Identifying patients at risk

Is this AI?

10 October 2024

AI could help identify high-risk heart patients1

The University of Leeds has helped train an AI system called Optimise, that looked at health records of more than two million people.

Of those two million records that were scanned, more than 400,000 people were identified as being high risk for the likes of heart failure, stroke and diabetes.

How it works

  • The input: Health records
  • Health records can be structured or unstructured
    • Structured: can be stored in a table
    • Unstructured: can’t be stored in a table, different shapes/sizes (e.g. text, audio, images)

Example of structured data in health records

ID BMI Age IMD Decile Smoker Blood Pressure
1 17 49 3 1 110/70
2 25 67 1 1 129/70
3 20 39 8 0 140/90
4 28 81 6 0 130/85
5 29 41 4 0 120/80

Data is consistent within each column in the table.

Example of unstructured data in health records

ID Notes
1 Shortness of breath
2 Patient attended clinic following one week of fever, vomiting, and abdominal pain.

The length of each sentence is different - data not consistent.

A simple approach to classifying data: KNN

Clustering algorithms like K Nearest Neighbours (KNN) are on the more basic end of the scale, requiring very little computational power.

Example of k-nearest neighbour classification, with red triangles representing one class, blue squares representing another, and a new datapoint as a green circle which has two close red triangle neighbours and one blue square neighbour.1

A simple approach to classifying data: Decision Tree

Example of a decision tree1

There are many different models out there! 🥴

Complex diagram showing a decision tree for choosing the right estimator for different machine learning problems1

What makes a model simple or complex?

  • There are dozens of different algorithms out there
  • Each algorithm has different strengths and weaknesses
  • What makes a model simple or complex is the amount of computational power required and how much the model needs to “learn” - how many parameters there are

Is the input or the computation complex?

“We used UK primary care EHR data from 2,081,139 individuals aged ≥ 30 years…

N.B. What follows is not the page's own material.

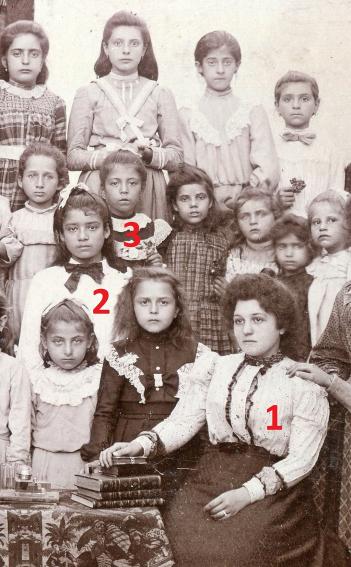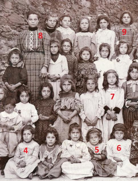 Όπως πολύ σωστά παρατήρησε η κα Μόσχα Μιχ. Γιαννίση, τα κορίτσια στις πίσω σειρές δεν πρέπει να ήταν μαθήτριες. Το Δημοτικό τότε είχε τέσσερις τάξεις, μετά ερχόταν το Σχολαρχείο (παλιότερος τύπος σχολείου που κάλυπτε τις δύο τελευταίες τάξεις του σημερινού Δημοτικού και την πρώτη τάξη του σημερινού Γυμνασίου) και τετραετές γυμνάσιο. Συνολικά ενδεκαετής εκπαίδευση, υποχρεωτικές οι τάξεις του τετραετούς Δημοτικού. Ο σωματότυπος αυτών των κοριτσιών δεν αντιστοιχεί σε μαθήτριες Δημοτικού 6 μέχρι 10 έστω 12 ετών. Το πιθανότερο να ήταν αδελφές που συνόδευαν μικρότερες μαθήτριες.

We trained a random forest classifier using age, sex, ethnicity and comorbidities (OPTIMISE).”1

Pros and cons of simple “A.I.” approaches

Pros:

  • Simple models are more easily explained
  • Can sometimes find new patterns in the data

Cons:

  • The quality of the data determines the quality of the model
  • Not able to handle very complex tasks

🚩 Issues to look out for 🚩

  • How complex is the input, or the computational approach?
  • How is the model’s performance measured?
  • Does the model get updated?
  • Where did the data come from?
  • Have issues of bias or ethics been considered?